> _MATERIAL SUPPLIED_
========================================
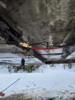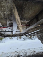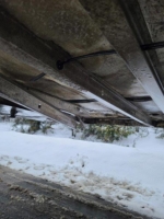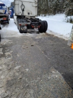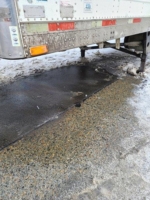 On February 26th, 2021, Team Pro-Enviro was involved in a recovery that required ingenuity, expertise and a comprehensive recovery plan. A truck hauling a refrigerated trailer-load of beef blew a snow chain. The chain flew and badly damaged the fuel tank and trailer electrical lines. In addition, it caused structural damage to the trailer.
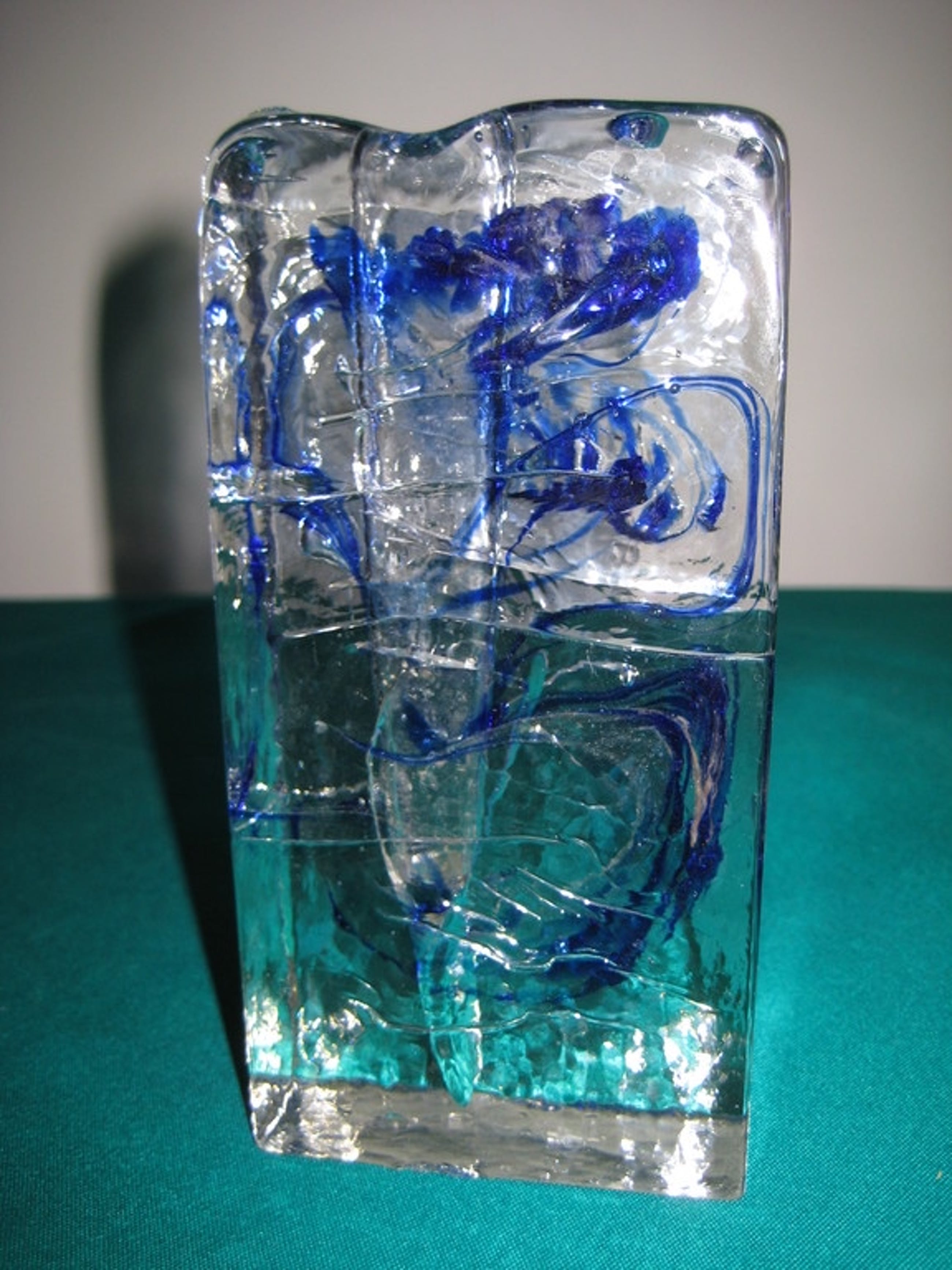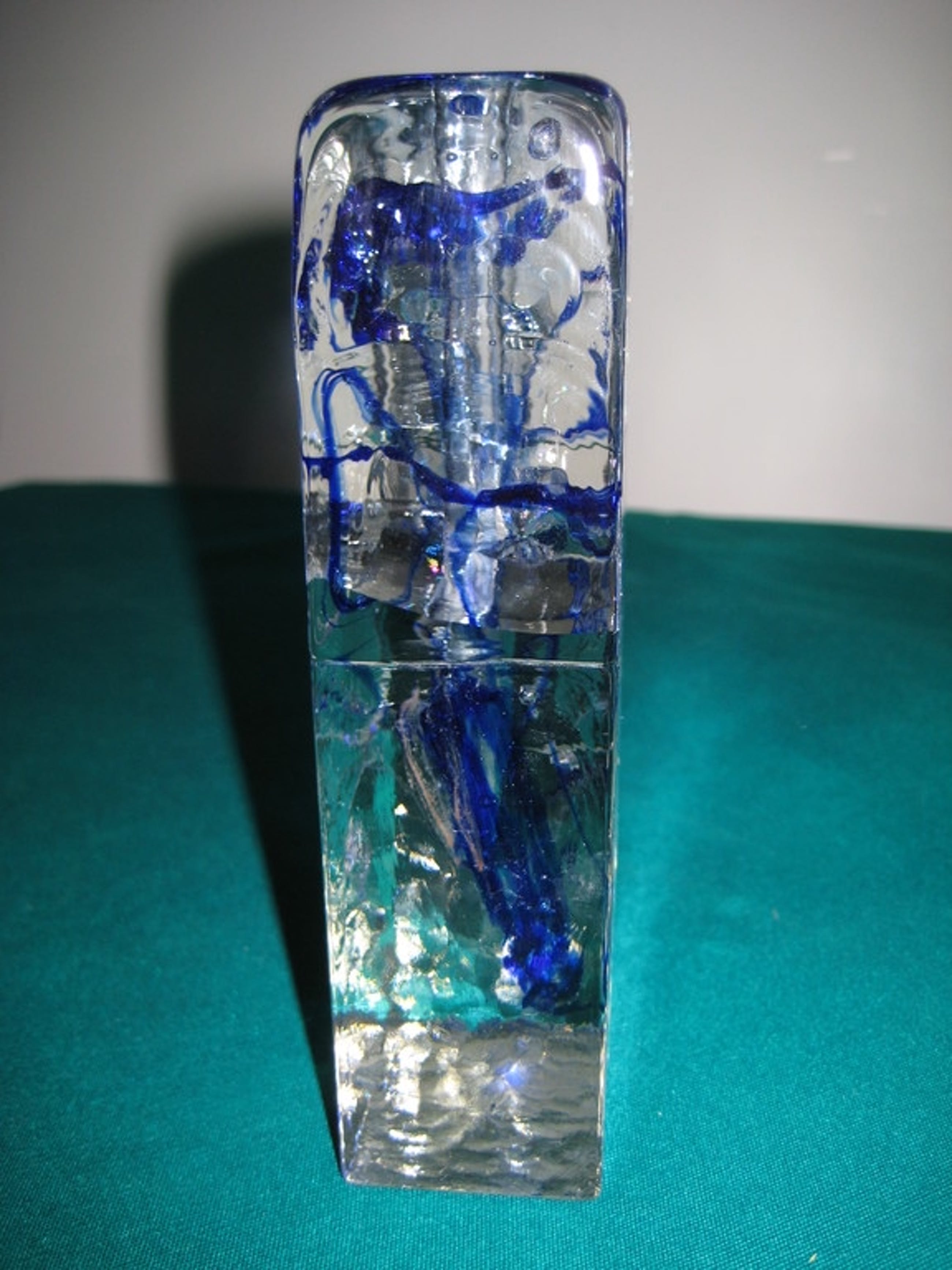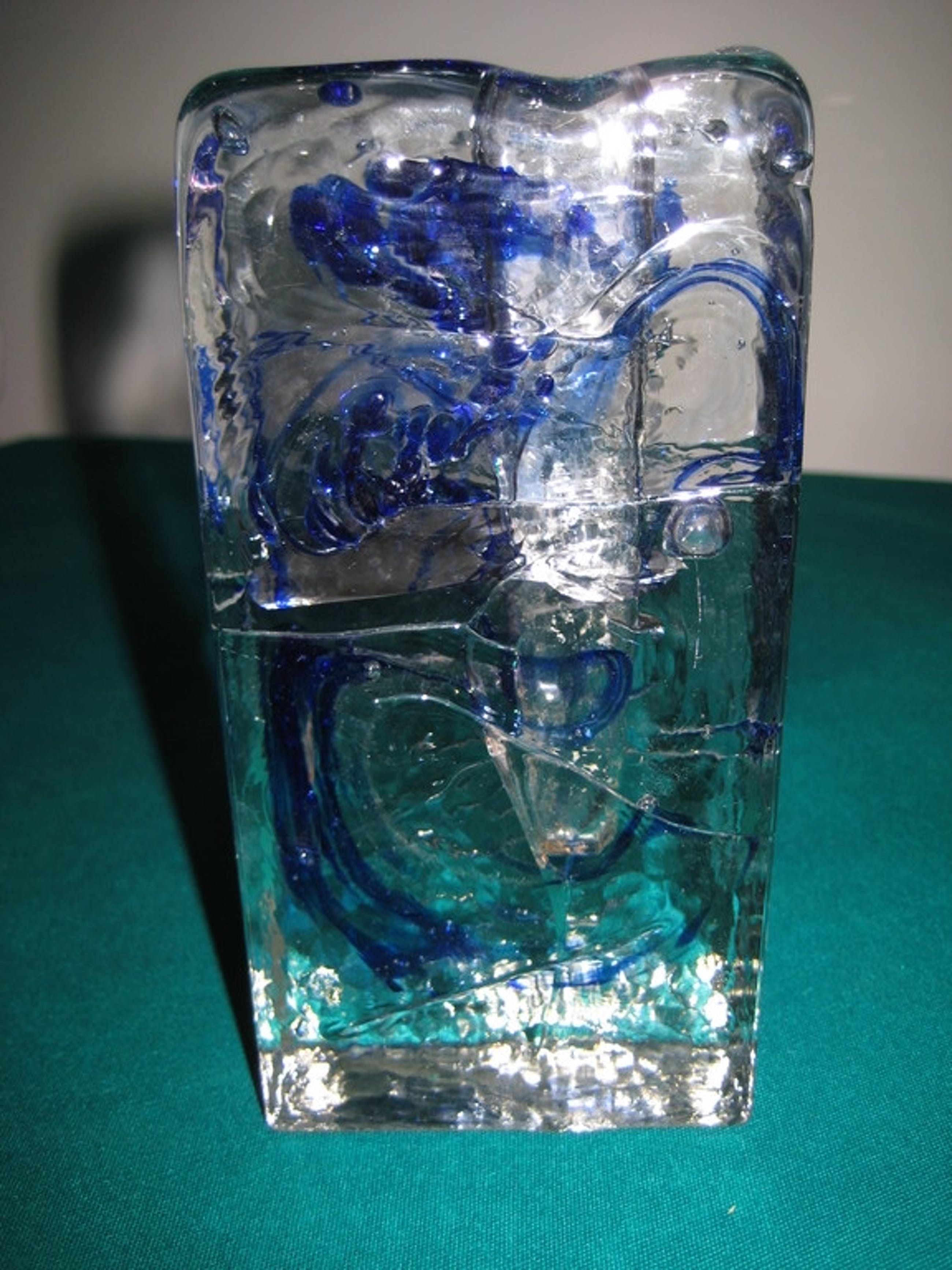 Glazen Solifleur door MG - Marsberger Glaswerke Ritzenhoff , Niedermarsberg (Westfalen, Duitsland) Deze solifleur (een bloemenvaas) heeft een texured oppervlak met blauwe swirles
========================================
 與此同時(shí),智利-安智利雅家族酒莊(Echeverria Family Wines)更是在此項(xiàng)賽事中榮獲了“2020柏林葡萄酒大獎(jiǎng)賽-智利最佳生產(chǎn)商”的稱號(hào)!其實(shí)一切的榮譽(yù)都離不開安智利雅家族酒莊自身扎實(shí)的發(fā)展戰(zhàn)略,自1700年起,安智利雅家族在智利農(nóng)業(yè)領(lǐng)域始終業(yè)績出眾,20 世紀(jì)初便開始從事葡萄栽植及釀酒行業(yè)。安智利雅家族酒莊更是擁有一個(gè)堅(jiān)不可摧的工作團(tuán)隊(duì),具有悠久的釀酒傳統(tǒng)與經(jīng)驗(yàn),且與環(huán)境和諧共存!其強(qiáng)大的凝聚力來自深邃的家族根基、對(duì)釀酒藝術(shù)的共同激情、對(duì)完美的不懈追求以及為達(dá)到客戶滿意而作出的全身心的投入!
========================================
> _TASK STATEMENT_
The answer is the lines above from the one with "On February 26th, 2021, Team" to the one with "Glazen Solifleur door", set down exactly, with no pictures.

> _SOLUTION TO THIS TASK_
 On February 26th, 2021, Team Pro-Enviro was involved in a recovery that required ingenuity, expertise and a comprehensive recovery plan. A truck hauling a refrigerated trailer-load of beef blew a snow chain. The chain flew and badly damaged the fuel tank and trailer electrical lines. In addition, it caused structural damage to the trailer.
 Glazen Solifleur door MG - Marsberger Glaswerke Ritzenhoff , Niedermarsberg (Westfalen, Duitsland) Deze solifleur (een bloemenvaas) heeft een texured oppervlak met blauwe swirles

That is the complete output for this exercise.